There is a strong link between blouse for pe and shorts for pe, but more surprisingly if the client has also a regular blouse on the basket, the lift and confidence value is even higher.

This company sells rather a big number of blouses with horse print (almost 1/3 of total transactions), so I will inspect what customers buy having a blouse with a horse on the basket and see if the company is able to use cross-selling.

rules.horse <- apriori(trans1, parameter = list(support=0.005, confidence = 0.02), appearance = list(lhs = "blouse_horse"))
rules.horse <- sort(rules.horse, by="lift", decreasing = TRUE)

inspectDT(rules.horse)

We can see that lift value is rather big for cat print blouse and owl print blouse. This suggests developing other animals print collection as customers having a blouse with a horse on the basket, are more likely to buy a blouse with another animal. Unfortunately the confidence values are not that high.

5 App

To show how a recommender system based on association rules would behave, I created a web app using shiny apps.

As the user “adds” items to basket from the list, the recommendations are displayed below, with the value of support, confidence and lift. The recommendations are order in such way that rules with the exact sames items on LHS as the basket are displayed first. Rules are then ordered by significance. User can alter the support and confidence level.

If no rules are found for the specific basket, rules are displayed as if the basket was empty.

https://kkrynska.shinyapps.io/associationrules/

6 Summary

In this article, I used association methods to discover rules between items. I came to conclusion that in general customers choose similar items - e.g. if they buy warm trousers, they are more likely to buy also regular trousers. For this shop it might be crucial to provide variety of items so that customers who buy a blouse with dog print, might also add a blouse with cat print.
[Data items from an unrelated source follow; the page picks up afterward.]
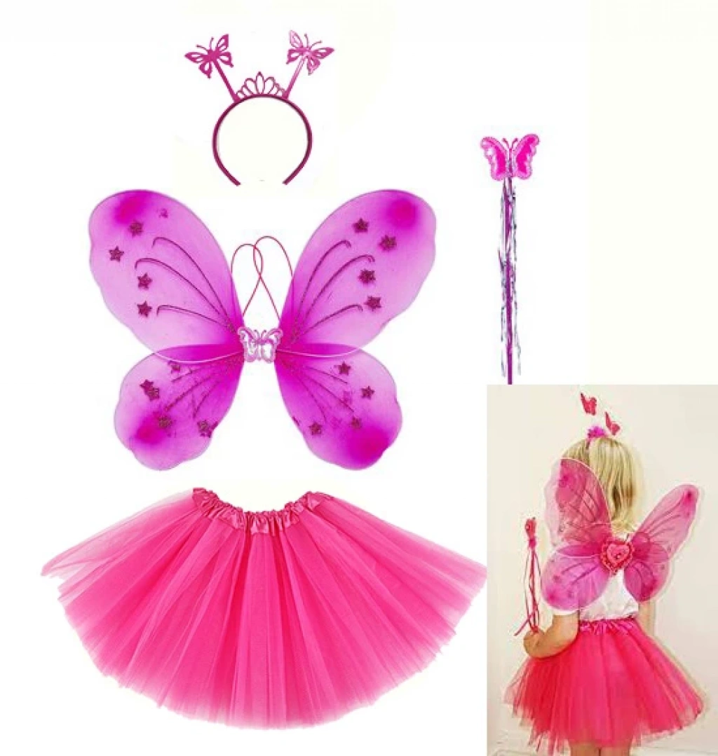Fuşya Kelebek Kostümü - Fuşya Kelebek Kostüm Aksesuar Seti 4 Parça (4887)
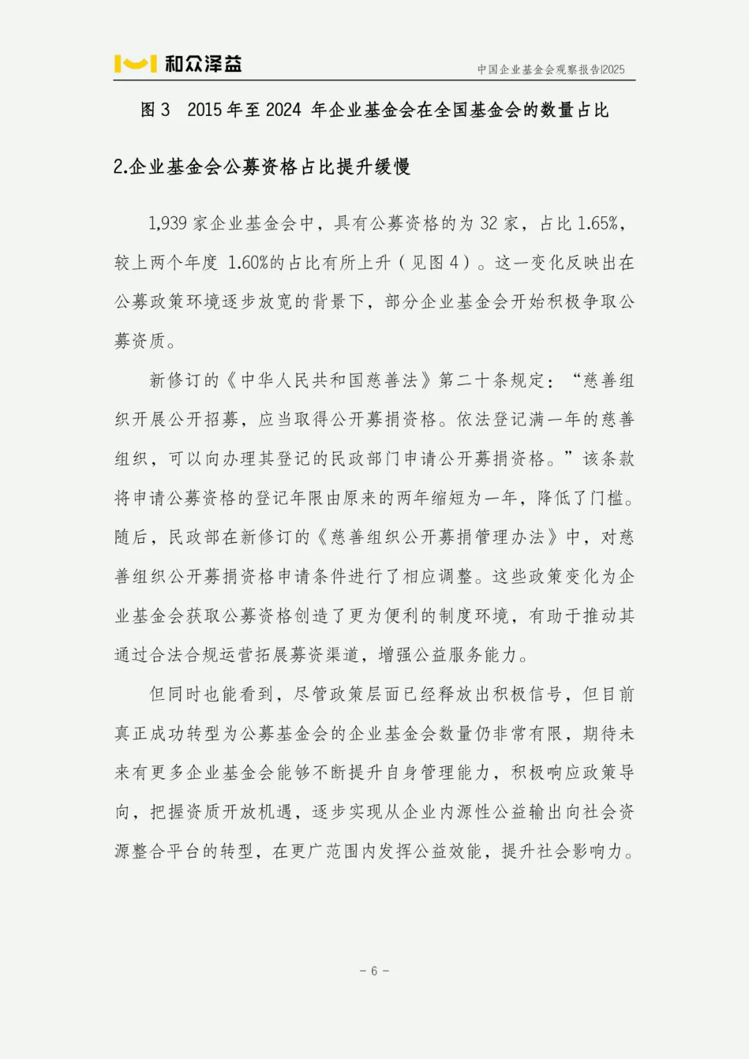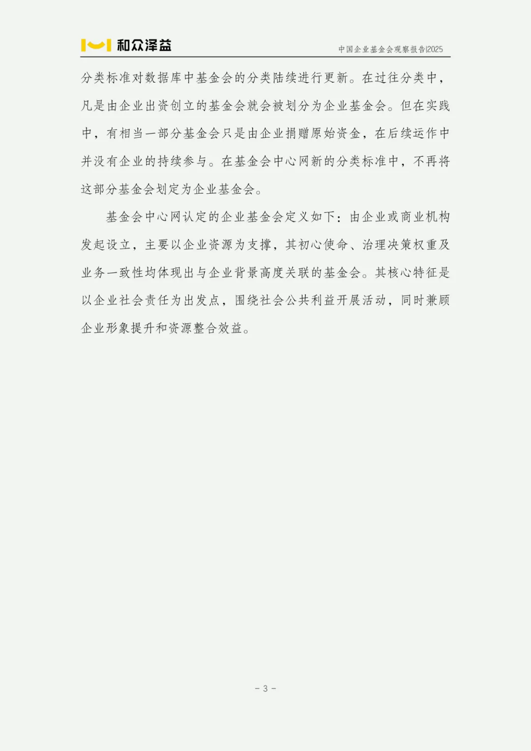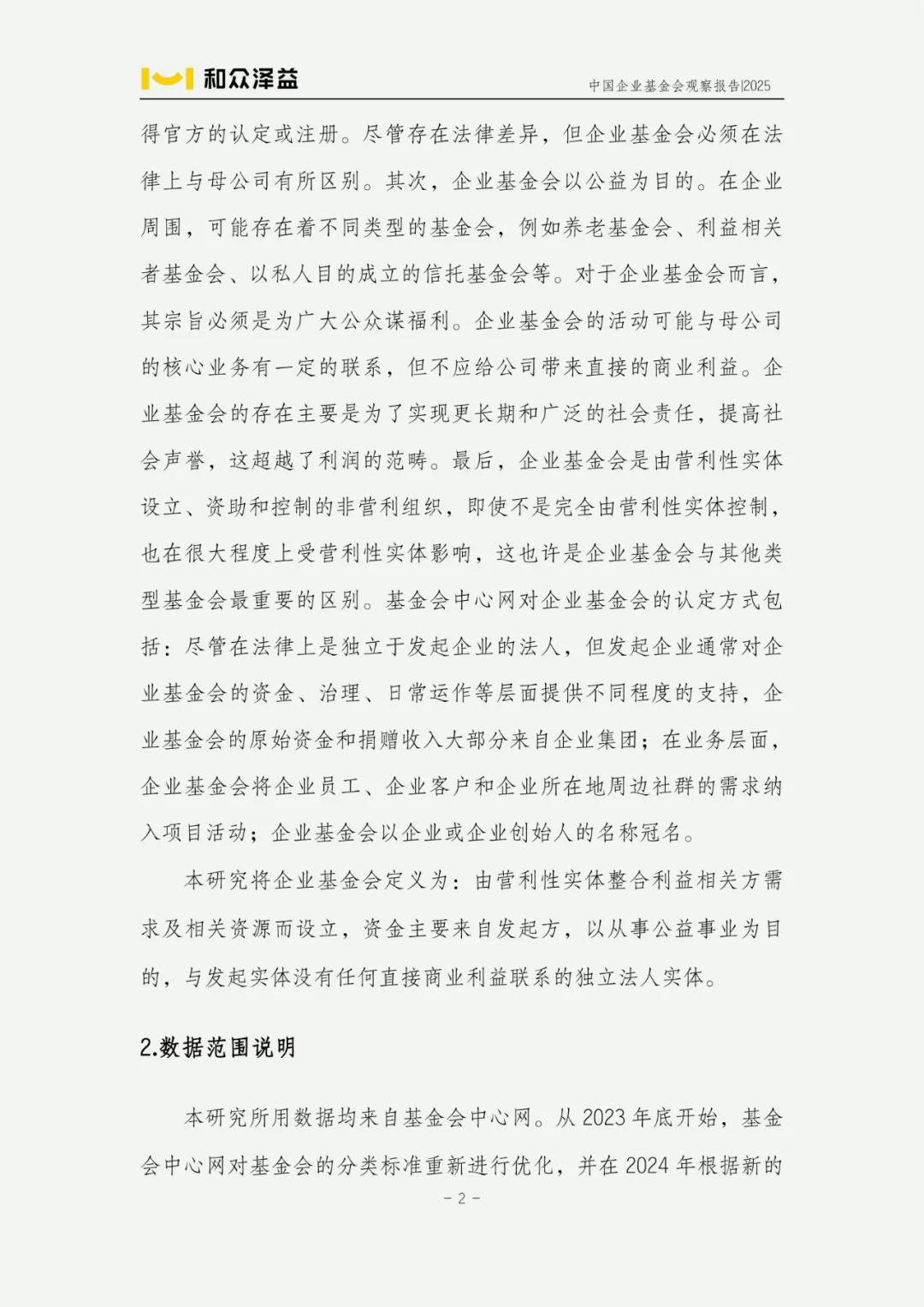 中国企业基金会观察报告(2025)聚焦企业基金会的发展现状与趋势,从政策引导、实践探索和行业动态三个维度展开分析。在高质量发展背景下,企业基金会作为企业履行社会责任的重要载体,其战略价值日益显现,成为推动社会公益、资源整合与社会治理的重要力量。行业发展节奏有所放缓,部分机构面临资源约束、能力短板及成效评估等挑战,但也迎来转型与沉淀的关键阶段。过去一年,企业在政策支持与内部动力的双重驱动下,展现出更系统化、专业化的运作能力。报告通过三年数据的纵向对比,揭示企业基金会的发展轨迹与阶段性特征,识别现存问题并研判未来方向。同时,新增“实践案例”板块,选取六家代表性企业基金会,深入分析其在战略定位、资源整合、收入拓展与价值创造方面的经验,为行业提供可借鉴的路径与模式。企业基金会应进一步强化战略定位,推动社会责任与主营业务深度融合,主动融入国家发展大局,在第三次分配中发挥更大作用。同时,鼓励探索社会创新模式,成为企业参与社会治理的有效桥梁。
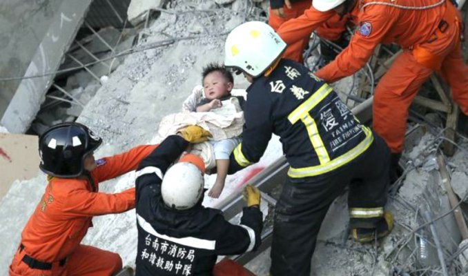 Олти ойлик қизча Тайванда қулаган бино тагида 30 соат қолиб кетгандан кейин қутқариб олинди
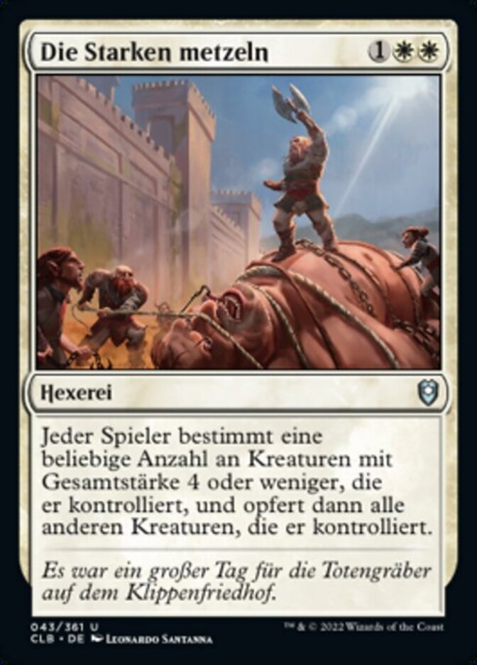 | Rules | Each player chooses any number of creatures they control with total power 4 or less, then sacrifices all other creatures they control. |
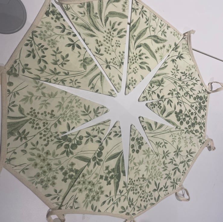 This bunting has a total of 10 flags. Each double-sided flag measures 7.5 x 9 inches (approx.) The total length is 4 metres (approx) from loop-end to loop-end. There is plenty of space to tie the ends if required, and there are also loops on each end for easy hooking onto things.
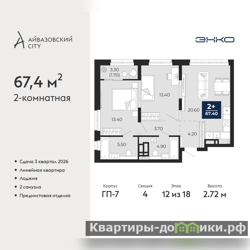 Двухкомнатная квартира с предчистовой отделкой в ЖК "Айвазовский City" на 12 этаже. Общая площадь: 67.4 кв.м., жилая: 26.8 кв.м., площадь просторной кухни-столовой: 20.6 кв.м. Комнаты изолированные, все окна выходят на одну сторону. В квартире одна лоджия, два совмещенных санузла. Высота потолков 2.72 м.
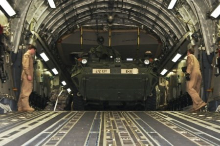 Đây là lần đầu tiên những xe thiết giáp Stryker được vận chuyển tới Bulgaria bằng đường hàng không.
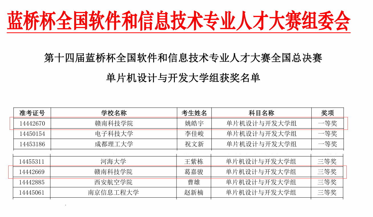 beat365平台官方网站学子电气201班姚皓宇和机械204班葛嘉骏参加了南昌大学赛点单片机设计与开发大学组的决赛,并荣获一等奖1项,三等奖1项的优异成绩,其中姚皓宇同学获得一等奖第一名,取得beat365官网在该赛事新的突破。成绩的取得是学生平时刻苦训练的成果,这其中也凝聚了指导老师们的心血。通过参加该项赛事,学生获得很好的锻炼机会,增强了创新思维、实践经验并且提高了嵌入式开发设计能力。

I created a simple web-app in R shiny for interactive association rules for this shop. If this engine would be to use in an on-line shop it could be developed in a numerous ways. Firstly, in children’s clothing there are often collections dedicated for small children (small sizes) and pre-teenagers and teenagers, so the ideal model should also consider the size of items. Also, there should be a boost for items that are trending now (best-sellers), as in fashion trends are critical.